Sailor, sleepwalker
A review of 'I Was There for Your Somniloquy'
I Was There for Your Somniloquy
I Was There for Your Somniloquy
The ocean is a place of the fantastic and bizarre, a world full of creatures so different from our terrestrial designs they might as well be from another planet. Rightfully, then, the ocean is also a metaphor for the unconscious, that unseen place off the map of ourselves where the old cartographers would write “where monsters lie.” Occasionally these monsters pull down a boat or two, and sailing gently through our lives, we may come across the resultant flotsam and jetsam of some disaster below our consciousness that we can only piece together from its wreckage.
Like our globe, Kelli Anne Noftle’s book, I Was There for Your Somniloquy, is seventy percent ocean. The poems are submersibles which give us a glimpse of an alien world. It is not the cold, descriptive view of the scientist, but more the view of the visitor to an aquarium who can only see the creatures in the tanks through her own reflection in the glass.
In the first section of the book, Noftle uses the mating habits of the sea slug, tape worm, and other sea creatures as tropes to throw light upon subjects of romance and personal attraction, subjects that from a distance can seem as odd and many-legged as the strangest cephalopod. She pairs each poem with an actual scientific description of the creature; the poem precedes the description. For example, in “Penis Fencing” the note from a scientific text describes how hermaphroditic flatworms mate. Each tries to pierce each other’s skin with its penis. The loser of the battle must carry the young. Or as Noftle puts it poetically, “One of us must waste our lives caring for the sting” (18).
The scientific descriptions contain the tropes which are deftly applied to personal relationships. Some hardly need a poem to feel poetic, for example, in the poem “Mating Chain,” where this note on sea slugs is ripe for comparison:
When three or more sea slugs mate in unison, the first animal in the chain acts exclusively as female, the last as male, and the others as male/female simultaneously. (15)
The poems don’t just settle for riffing on the obvious comparison but move beyond, complicating and veering in new directions. She concludes the poem: “I twist and steer each tentacle, / tying knots against the stillness.
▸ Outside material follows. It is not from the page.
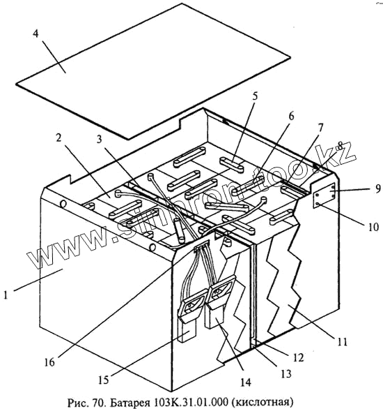 Каталог запасных частей к технике: МЗИК ЭП-103КО. Батарея 103K.31.01.000 (кислотная)
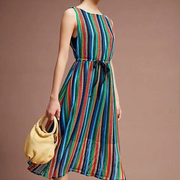 Eve Franco X Anthropologie Rainbow Crochet Midi Dress NWOT Size 0 (XS)

This one to symbolize love and the other, / savagery. I’m learning the subtlety, braiding between them.” Indeed, the oddness of sea creatures is their amorphous nature, the braiding together of what we consider separate — male and female, body and limb. And the pleasure in these poems is that Noftle blurs the edges of separate subjects, showing just such a precise, strange, and creative braiding.
In the second section of the book, the speakers or subjects in the poems are sailors on the ocean of the unconscious — sleepwalkers. What we see is not what is underwater, but what has surfaced. One character pours milk into the litter box; one becomes a more tender and affectionate lover in his sleep; one (a true story) kills his wife in his sleep; and one drinks wine from a flower vase. The characters stage a play in one world when the script is in the next. The book actively muses on this bridge between the two worlds in “Ars Poetica”:
In a house I am following myself
one mirror after another
not only myself
but also in relation to. (52)
The sleepwalker is the actor of where the conscious and unconscious person touch. It is not only the conscious and unconscious, but the brain also sits at odds: “The Right Side / of the brain brims with hyperbole, the left side sits cold as a Petri dish” (51). There is disconnection, each side illuminating the other, but much is lost in the process as well, and some things happen almost without us, or as Noftle writes: “Sometimes one hand will not stop touching the other” (37).
Other poems in the collection explore the ways our actions surface from the deep through different tropes. In one series, an artist finds certain colors intruding in her paintings: “I started using white. I put it in every picture […] That’s why I started dumping all my pigments into a bucket of white” (53). The colors are thrust from the deep, as are wreckage and remains of past mistakes, which Noftle explores through the metaphor of auto accidents. In “Parts for Whole” the speaker wanders around a junkyard:
from the wreckage — that I would slip
it on, imagine she lost it before
a missed kiss, mistake, to say
an accident happened here
and what ruined skin you have, paint chipped, bruised. (44)
If the subject is the wreckage or intrusion, the act is a piecing back together. A whole picture might not emerge from this scattering, but at least “The paint thickens as you reach the center” (58).
In the end, a description only of the tropes and themes of the book doesn’t do justice to their effect. The project of the book is larger. The comparisons evoke a real and genuine sympathy. Their goal is to get dangerously close to the nature of being a divided creature. They leave one with that uncanny feeling one gets sometimes, for no reason, when sitting at a stop light or opening the refrigerator, of just how unlikely we are. And that is the real pleasure of this book, not just the shadowy subject of our motives, but how they drive us to be.